Students have all kinds of different needs. To serve those needs and balance among them, the education system must be simultaneously massive and personal, which makes complexity unavoidable. To work for all students, it has to work for each student — even in a pandemic. That's a significant challenge.
In California, about one student in five lives in poverty. About a fifth are learning English. Some kids come to school ready for kindergarten, but most don't. About an eighth have learning disabilities. All students need teachers that can teach complex material. And effective leaders. And access to the arts. Which takes money. And...
... and we're getting ahead of ourselves. Getting education right requires getting lots of things right at once. It's too much to think about everything simultaneously, so Ed100 breaks it down. It's easier to make sense of the system if you take it one topic at a time. Ed100 explains California's education system, busts myths, and explains what you need to know.
Wait, you might ask — do I really need to understand the system that governs California schools? Is it even possible? The answers are yes and yes.
Understanding the system is helpful for the sake of your own kids, of course, and the point of Ed100 is to make the system learnable. But there's something bigger: like it or not, you, as an involved parent or community member, are the heart of California's education accountability system. There is no independent watchdog in the system. You are it. The system literally depends on the vigilant support of local, active, informed constituents to speak up for what's right and what's needed.
To wield influence when you need it, you have to know what you are talking about. Ed100 can help with that.
California school results have improved a lot over the long term. But they are still pretty mediocre, and the pandemic hurt them.
Ed100's core content is a set of short lessons, including this one. (We have a blog, too, and a community toolbox.) You are reading Lesson 1.1, the first lesson of the first chapter. At the bottom of each lesson you will find a simple quiz that reinforces a main point. Pass a quiz and you earn a ticket (more about that in a moment); pass every quiz and you become an Ed100 Graduate.
You can do this. It's free, and it matters. If you complete all of the lessons you will become, in the words of one state leader, "intimidatingly well-informed." (She wasn't being tongue-in-cheek. Informed parents aren't easy to dismiss.)
Here's the main point of Lesson 1.1: California's K-12 educational results have improved a lot over the long term. But they are still pretty mediocre, and it's hard to argue that they have improved broadly in the last decade or so.
Schools serve many purposes, some straightforward and others hard to measure. Obviously, one of the central jobs of school is to help students learn facts and skills appropriate for their grade level.

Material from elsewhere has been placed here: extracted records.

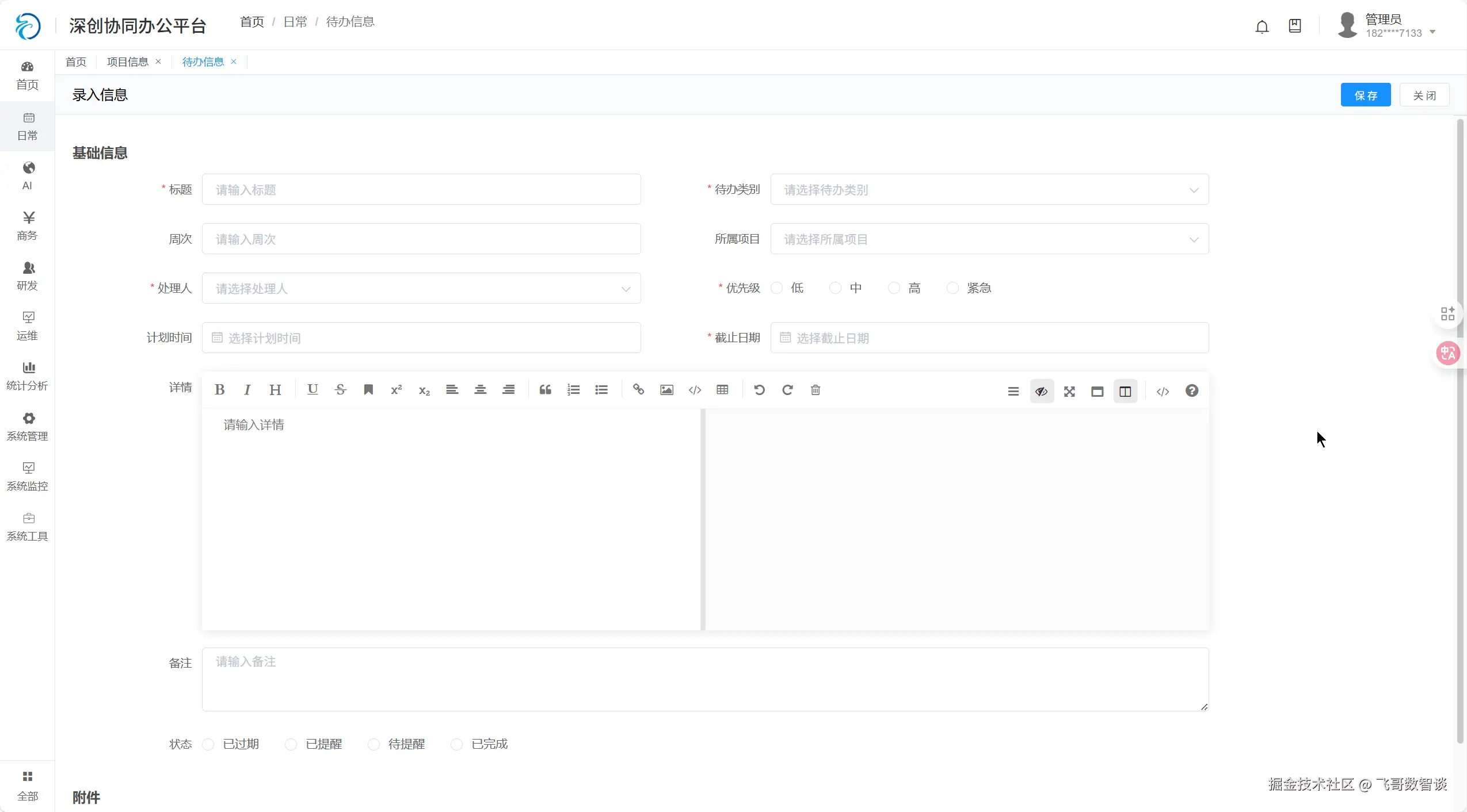现在还是点击"新增"按钮通过弹窗实现的新增功能,针对大部分简单事项,操作不够简洁。
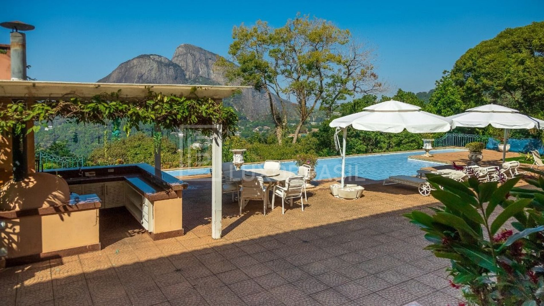 LUXOBRASIL vende deslumbrante mansão, localizada em condomínio fechado na Gávea, bairro nobre do Rio de Janeiro. Esta impressionante propriedade conta com 1.600 m² de área construída, sem incluir a área da piscina, e um terreno total de 5800 m².
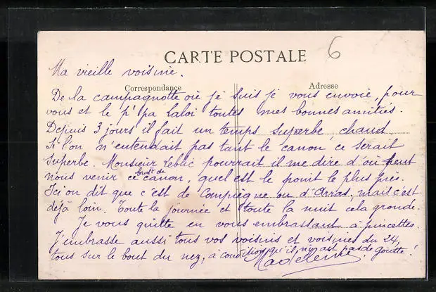 Personenbezogene Daten auf der Rückseite der Karte wurden durch blauen Textmarker unkenntlich gemacht. Die blauen Stellen sind auf die Vorderseite durchgeweicht und wirken sich negativ auf das Postkartenfoto aus

Each year (with an exception in 2020 due to the COVID-19 pandemic) some of America's 4th and 8th graders take tests for the "Nation’s Report Card." To eduation insiders, these tests are known as the National Assessment of Educational Progress, or NAEP. (It's pronounced "nape.")
Very few children actually take the NAEP tests.
Only a few hundred thousand children actually take the NAEP tests. These are not the tests that all students are required to take each year. (Those are called the CAASPP, or the "Smarter Balanced" tests.) NAEP is separate, and its purpose is purely statistical. Designed to be consistent from place to place and from year to year, it evaluates how well students know the basic academic content associated with their grade level. Scores on NAEP, though imperfect, enable researchers and policymakers to monitor the overall education system, comparing student achievement between years, states, grades, and student subgroups (for example by race, ethnicity, or socioeconomic factors like family income).
NAEP scores don't tend to change quickly. Frankly, almost nothing in the education system changes quickly. Scores bump up or down a point or two, but the best predictor of next year's score tends to be last year's score. It makes sense, right? The education system is like an armada of giant ships, each rowed by thousands of little oars. Each year the people rowing have a lot in common with those who rowed the year before.
The underlying currents surrounding a school community tend to change slowly, too. Books and tools might change a little. Teachers evolve their lessons, or move, or retire, or shift grades. But on the whole, change tends to happen slowly in each school system.
There are exceptions.
Nationally, NAEP scores dropped during the pandemic. School districts strained, with uneven success, to make access to technology universal. Teachers tried to figure out ways to make learning engaging at a distance. The pandemic also increased apprehension about standardized tests — especially the SAT and ACT. Even so, when we look back years from now it will be interesting to see whether the outcomes changed very much.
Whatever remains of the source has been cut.